Teatro Greco – Siracusa
Alcesti
di Euripide
Traduzione di Maria Pia Pattoni
Musiche di Marcello Panni
Scena e costumi Luigi Perego
Con: Sergio Basile (Admeto), Galatea Ranzi (Alcesti), Stefano Santospago (Eracle), Paolo Graziosi (Feréte), Massimo Nicolini (Apollo), Pietro Montandon (Thanatos)
Regia di Cesare Lievi
Sino al 19 giugno 2016

«La morte è un debito che tutti dobbiamo saldare, ammettilo» dice il Coro ad Admeto, disperato per la morte di Alcesti, sua moglie. Apollo ha ingannato le Moire e ottenuto che Thanatos non si prenda la vita di Admeto, che era destinata a finire presto. Ma la condizione è che qualcuno muoia al posto del re. Gli anziani genitori si rifiutano -a qualunque età «la luce del Sole è un bene assai caro» afferma Feréte, suo padre, aggiungendo che «la vita è breve, ma sempre tanto dolce»- ed è dunque Alcesti a regalare al suo uomo vita e a se stessa il nulla. Mentre muore, Alcesti ripete di continuo che sta diventando «niente», che «chi muore non è più nulla». L’ancella la osserva e si accorge che Alcesti «respira appena, eppure vuole rivolgere un ultimo sguardo alla luce del Sole, che non vedrà mai più».

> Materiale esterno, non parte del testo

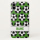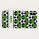 Este caso desportivo do iPhone 6 caracteriza bolas de futebol preto e branco bonitos em um fundo verde.
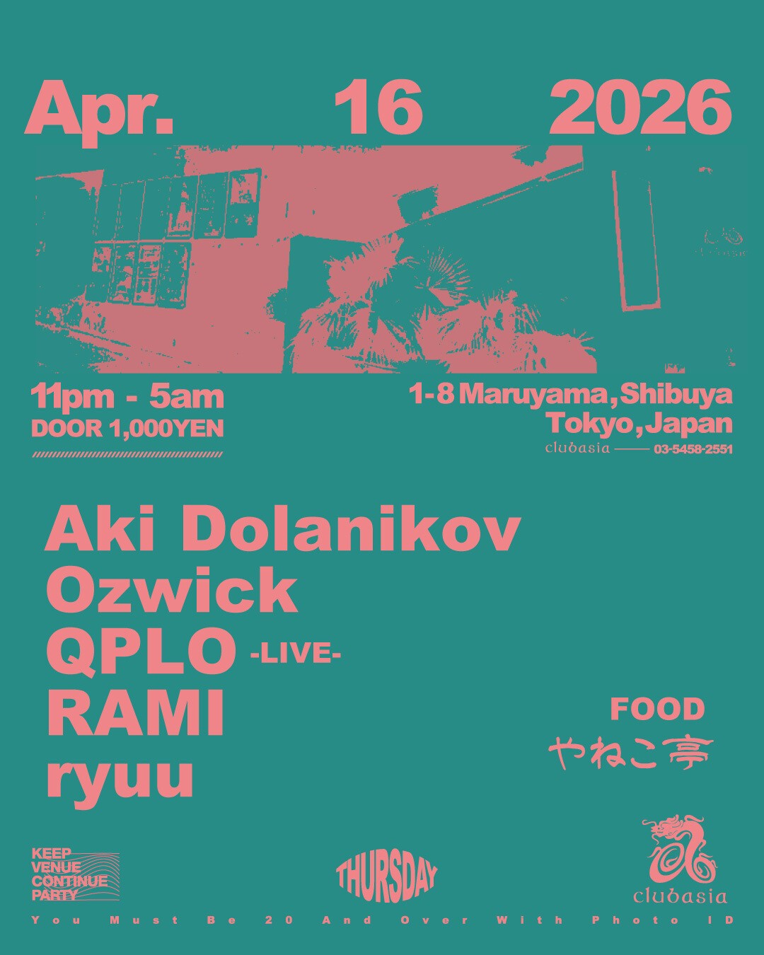2026.04 16 THU club asia THURSDAY iFLYER: 359278 HOUSE DISCO TECH HOUSE Facebook Twitter DATE: 2026-04-16 THU OPEN: 23:00 VENUE: clubasia PRICE: 1,000yen LINE UP: 026.4.16_THU " Facebook Twitter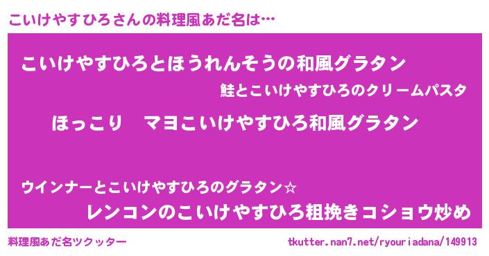 | 意味不明あだ名 | 『住所不定無職こいけやすひろ(91歳)』 |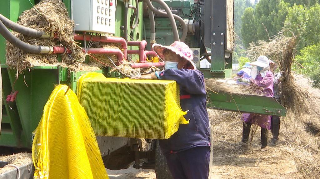 连日来,羊木镇金台社区、东山村公路沿线一派忙碌景象,村民们正忙着将堆放在路边的秸秆送入打包机料斗,经过粉碎、压缩后,散乱的秸秆堆变成了一个个方形的秸秆捆。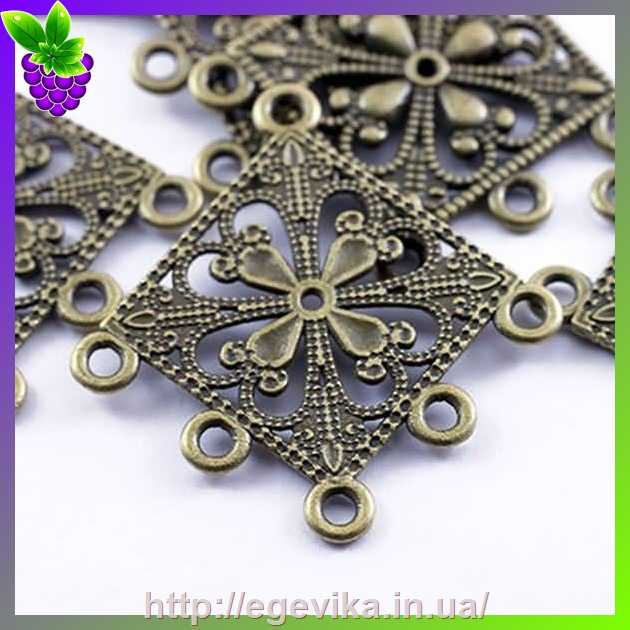 Артикул производителя: 28215Коннектор, 1 кольцо-основа и 5 отверстий Материал: металл Цвет: бронза Размер: 36,5х34х1,5 мм, диаметр отверстия - 2 мм Форма: ромб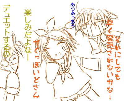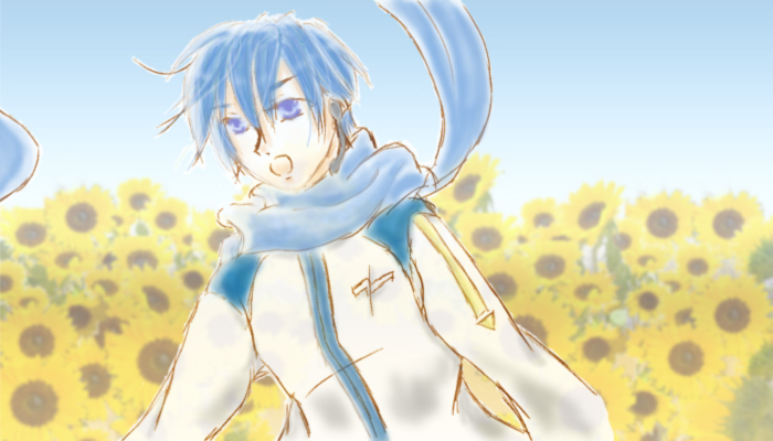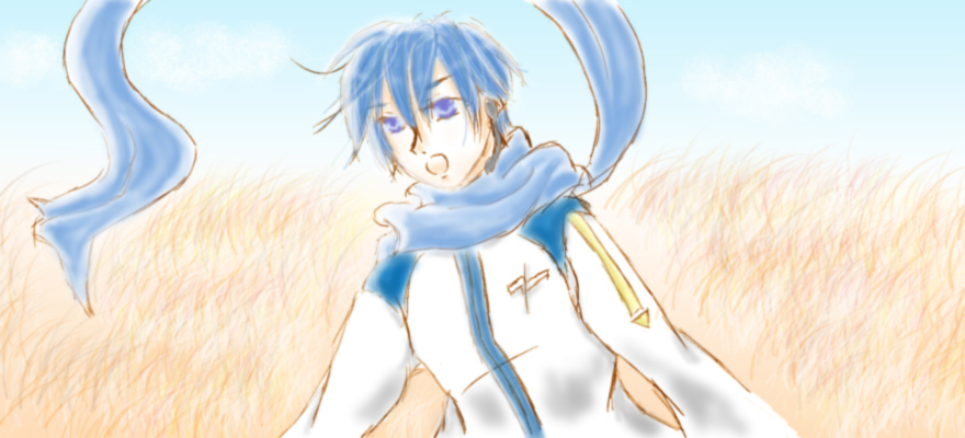 え?左手一発描きな上に、何処かで見た様なデザインだ?何、言ってるんですか。これがKAITOに見えるって?どんな目してるんですか!……はい、本当の本当にすみませんでした。……うん、「何だ。左手で描いた方が実はマシな絵描けるんじゃん」とか言わないで戴ければ幸いです。マジへこむから!本気でへこむから!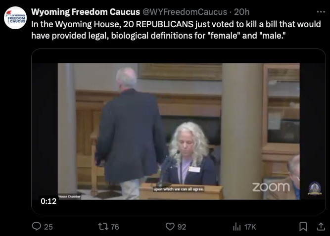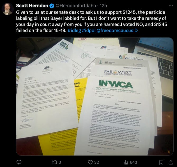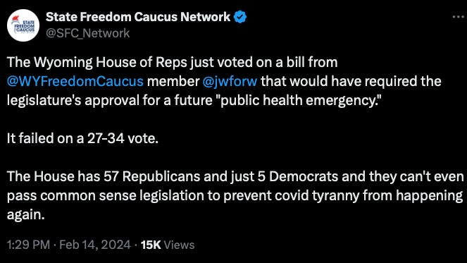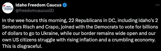 Some of the bad bills included fee increases, Orwellian restrictions on protected speech, and a fake “school choice” bill that would create a whole new government-run Pre-K program. Despite this fantastic news, there is still a LOT of work to be done to expose the liberal Republicans who control the Wyoming legislature. During this same week, a WYFC-sponsored bill to stop the COVID madness failed to pass the WY House: If that wasn’t offensive enough, these same liberal Republicans also rejected a “What is a Woman” bill, creating biological definitions for male and female, sponsored by WYFC member Rep. Jeanette Ward. Wyoming is suppose to be one of the reddest states in the country. Donald Trump won it in 2020 by a greater percentage than any other state. But Democrats and liberal Republicans in Cheyenne are rejecting common sense legislation. There is so much more work to be done to fix our states. Please help us continue to support and educate state Freedom Caucuses like Wyoming and elsewhere as they take on the Uniparty in the state capitols all across the country. IDAHO Last week, the U.S. Senate passed an unfunded $96 billion bill that sends more of our money overseas in the form of “foreign aid” instead of using that money to reduce our national debt or secure our border. Our Idaho Freedom Caucus publicly called out their US Senators who supported the deal: Also, in Idaho, special interest groups and their water-carriers in the legislature tried to push a bill through the Idaho Senate that would have granted some legal immunity to manufacturers of pesticides like Bayer’s Round-Up. Democrats - in a brief moment of sanity - opposed the bill along with the Idaho Freedom Caucus and allied conservative lawmakers. In the end, they defeated the bill! Unlike their Big Pharma colleagues who helped shove immunity protection through Congress on the COVID vaccines, Bayer simply couldn’t buy off enough votes to get this passed. Big win against crony capitalism! Here’s a tweet from IDFC member Sen. Scott Herndon, who was heavily lobbied by Big Ag: Keep fighting, P.S. Your help is critical in building out a network of patriots and freedom fighters throughout our nation’s state capitols and in your home state. Please consider a contribution and join us as we work to advance the cause of liberty. You're currently a free subscriber to State Freedom Caucus Network. For the full experience, upgrade your subscription. |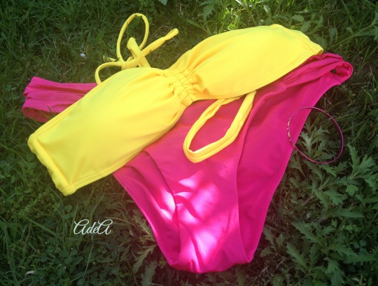 Bikini amarillo y fucsia. Aunque no sé yo si me animaré a esta combinación de color. ¿A ti te gusta?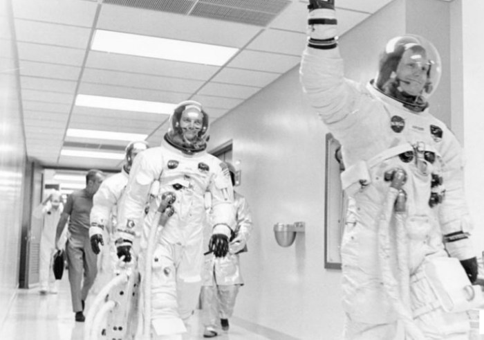 نيل أرمسترونج أول إنسان تطأ قدماه سطح القمر يلوح في كيب كنافيرال بفلوريدا

Una totale immanenza si raggruma in queste parole. Qui e ora per i Greci è la vita, qui e ora. L’Ade è pura ombra, confine con il vuoto, sostanza fatta di niente. E gli umani lottano in tutti i modi per stare nella pienezza dell’essere, per abitare ancora dentro la Luce.
Ma Admeto è un uomo fortunato. Al dono di Apollo si aggiunge infatti quello di Eracle. L’eroe, in transito durante le sue fatiche, si ferma nella casa di Admeto e a lui, amico fraterno, il re non ha voluto rivelare l’identità della defunta, in modo che Eracle possa gustare senza afflizione l’ospitalità che riceve. Quando scopre sino a qual punto si è spinto l’affetto dell’amico, Eracle si reca negli inferi, lotta con la morte e restituisce Alcesti al marito.
La regia di Cesare Lievi fa iniziare la rappresentazione con un funerale cristiano, il cui ritmo di dolore avanza nel segno di una croce. Croce che viene lasciata sulla scena, deposta sopra una bara. Lasciando la casa di Admeto, Eracle inciampa in questa croce. La prende, la osserva, la confronta con la propria clava e poi scaglia a terra la croce. Una scelta registica molto coraggiosa, questo gesto. In quei due simboli si confrontano due mondi ed Eracle afferma la pienezza e la forza della Grecità, della sua immanenza.
La traduzione di Maria Pia Pattoni scioglie con semplice solennità i costrutti euripidei e contribuisce alla riuscita di una rappresentazione che va al cuore della condizione in cui stanno tutti gli enti: «Grazie alle Muse sono salito alto nel cielo, ho appreso molte idee, ma nulla ho incontrato più forte della Necessità», canta il Coro. Quella Necessità della quale il morire è l’emblema più chiaro.